● **ASSIGNMENT**: Your task is to repeat the data exactly, every line of it.

● **EXERCISE DATA**:

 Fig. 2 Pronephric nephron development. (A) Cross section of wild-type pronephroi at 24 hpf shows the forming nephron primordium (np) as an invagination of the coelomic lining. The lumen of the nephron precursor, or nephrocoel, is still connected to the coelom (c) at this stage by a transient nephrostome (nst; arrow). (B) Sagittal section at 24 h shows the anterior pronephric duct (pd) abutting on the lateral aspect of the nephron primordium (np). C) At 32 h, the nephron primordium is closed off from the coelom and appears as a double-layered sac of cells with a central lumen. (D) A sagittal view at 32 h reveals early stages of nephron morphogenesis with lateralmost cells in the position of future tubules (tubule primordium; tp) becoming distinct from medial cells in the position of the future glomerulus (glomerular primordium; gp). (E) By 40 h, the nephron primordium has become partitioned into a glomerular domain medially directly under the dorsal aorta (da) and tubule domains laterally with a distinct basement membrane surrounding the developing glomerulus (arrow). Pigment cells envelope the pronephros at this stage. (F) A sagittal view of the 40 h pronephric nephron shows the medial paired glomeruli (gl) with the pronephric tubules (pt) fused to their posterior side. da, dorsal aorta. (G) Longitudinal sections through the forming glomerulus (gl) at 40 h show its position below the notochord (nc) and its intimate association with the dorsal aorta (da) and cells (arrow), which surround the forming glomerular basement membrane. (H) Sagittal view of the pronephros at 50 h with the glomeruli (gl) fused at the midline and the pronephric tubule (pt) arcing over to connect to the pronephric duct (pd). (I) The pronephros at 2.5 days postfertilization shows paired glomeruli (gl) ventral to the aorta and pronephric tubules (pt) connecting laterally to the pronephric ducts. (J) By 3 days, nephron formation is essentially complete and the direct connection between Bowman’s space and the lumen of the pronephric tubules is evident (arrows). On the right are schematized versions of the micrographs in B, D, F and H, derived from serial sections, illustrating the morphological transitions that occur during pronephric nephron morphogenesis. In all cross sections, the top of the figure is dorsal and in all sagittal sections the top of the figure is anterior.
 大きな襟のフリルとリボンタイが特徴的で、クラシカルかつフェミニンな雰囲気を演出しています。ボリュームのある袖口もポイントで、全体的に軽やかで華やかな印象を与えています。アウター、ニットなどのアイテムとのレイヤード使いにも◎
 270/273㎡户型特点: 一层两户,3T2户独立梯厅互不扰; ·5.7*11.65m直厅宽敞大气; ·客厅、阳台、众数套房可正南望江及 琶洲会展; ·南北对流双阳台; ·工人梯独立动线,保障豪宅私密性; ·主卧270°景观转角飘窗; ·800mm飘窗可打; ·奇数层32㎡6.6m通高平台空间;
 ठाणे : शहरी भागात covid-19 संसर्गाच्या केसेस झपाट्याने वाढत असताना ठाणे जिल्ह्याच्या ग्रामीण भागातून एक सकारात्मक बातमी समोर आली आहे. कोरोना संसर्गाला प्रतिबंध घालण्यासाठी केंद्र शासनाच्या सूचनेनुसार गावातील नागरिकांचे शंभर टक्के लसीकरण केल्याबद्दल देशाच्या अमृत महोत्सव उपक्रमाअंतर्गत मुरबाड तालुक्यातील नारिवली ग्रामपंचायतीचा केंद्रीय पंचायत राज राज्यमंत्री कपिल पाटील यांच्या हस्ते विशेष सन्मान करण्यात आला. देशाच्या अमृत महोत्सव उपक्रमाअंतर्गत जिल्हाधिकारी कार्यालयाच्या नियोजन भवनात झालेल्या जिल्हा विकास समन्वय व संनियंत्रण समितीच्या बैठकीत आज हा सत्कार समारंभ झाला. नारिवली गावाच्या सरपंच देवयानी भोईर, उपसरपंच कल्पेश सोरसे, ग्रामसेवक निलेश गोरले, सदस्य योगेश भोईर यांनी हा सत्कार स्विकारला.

● **TASK SOLUTION**:
 Fig. 2 Pronephric nephron development. (A) Cross section of wild-type pronephroi at 24 hpf shows the forming nephron primordium (np) as an invagination of the coelomic lining. The lumen of the nephron precursor, or nephrocoel, is still connected to the coelom (c) at this stage by a transient nephrostome (nst; arrow). (B) Sagittal section at 24 h shows the anterior pronephric duct (pd) abutting on the lateral aspect of the nephron primordium (np). C) At 32 h, the nephron primordium is closed off from the coelom and appears as a double-layered sac of cells with a central lumen. (D) A sagittal view at 32 h reveals early stages of nephron morphogenesis with lateralmost cells in the position of future tubules (tubule primordium; tp) becoming distinct from medial cells in the position of the future glomerulus (glomerular primordium; gp). (E) By 40 h, the nephron primordium has become partitioned into a glomerular domain medially directly under the dorsal aorta (da) and tubule domains laterally with a distinct basement membrane surrounding the developing glomerulus (arrow). Pigment cells envelope the pronephros at this stage. (F) A sagittal view of the 40 h pronephric nephron shows the medial paired glomeruli (gl) with the pronephric tubules (pt) fused to their posterior side. da, dorsal aorta. (G) Longitudinal sections through the forming glomerulus (gl) at 40 h show its position below the notochord (nc) and its intimate association with the dorsal aorta (da) and cells (arrow), which surround the forming glomerular basement membrane. (H) Sagittal view of the pronephros at 50 h with the glomeruli (gl) fused at the midline and the pronephric tubule (pt) arcing over to connect to the pronephric duct (pd). (I) The pronephros at 2.5 days postfertilization shows paired glomeruli (gl) ventral to the aorta and pronephric tubules (pt) connecting laterally to the pronephric ducts. (J) By 3 days, nephron formation is essentially complete and the direct connection between Bowman’s space and the lumen of the pronephric tubules is evident (arrows). On the right are schematized versions of the micrographs in B, D, F and H, derived from serial sections, illustrating the morphological transitions that occur during pronephric nephron morphogenesis. In all cross sections, the top of the figure is dorsal and in all sagittal sections the top of the figure is anterior.
 大きな襟のフリルとリボンタイが特徴的で、クラシカルかつフェミニンな雰囲気を演出しています。ボリュームのある袖口もポイントで、全体的に軽やかで華やかな印象を与えています。アウター、ニットなどのアイテムとのレイヤード使いにも◎
 270/273㎡户型特点: 一层两户,3T2户独立梯厅互不扰; ·5.7*11.65m直厅宽敞大气; ·客厅、阳台、众数套房可正南望江及 琶洲会展; ·南北对流双阳台; ·工人梯独立动线,保障豪宅私密性; ·主卧270°景观转角飘窗; ·800mm飘窗可打; ·奇数层32㎡6.6m通高平台空间;
 ठाणे : शहरी भागात covid-19 संसर्गाच्या केसेस झपाट्याने वाढत असताना ठाणे जिल्ह्याच्या ग्रामीण भागातून एक सकारात्मक बातमी समोर आली आहे. कोरोना संसर्गाला प्रतिबंध घालण्यासाठी केंद्र शासनाच्या सूचनेनुसार गावातील नागरिकांचे शंभर टक्के लसीकरण केल्याबद्दल देशाच्या अमृत महोत्सव उपक्रमाअंतर्गत मुरबाड तालुक्यातील नारिवली ग्रामपंचायतीचा केंद्रीय पंचायत राज राज्यमंत्री कपिल पाटील यांच्या हस्ते विशेष सन्मान करण्यात आला. देशाच्या अमृत महोत्सव उपक्रमाअंतर्गत जिल्हाधिकारी कार्यालयाच्या नियोजन भवनात झालेल्या जिल्हा विकास समन्वय व संनियंत्रण समितीच्या बैठकीत आज हा सत्कार समारंभ झाला. नारिवली गावाच्या सरपंच देवयानी भोईर, उपसरपंच कल्पेश सोरसे, ग्रामसेवक निलेश गोरले, सदस्य योगेश भोईर यांनी हा सत्कार स्विकारला.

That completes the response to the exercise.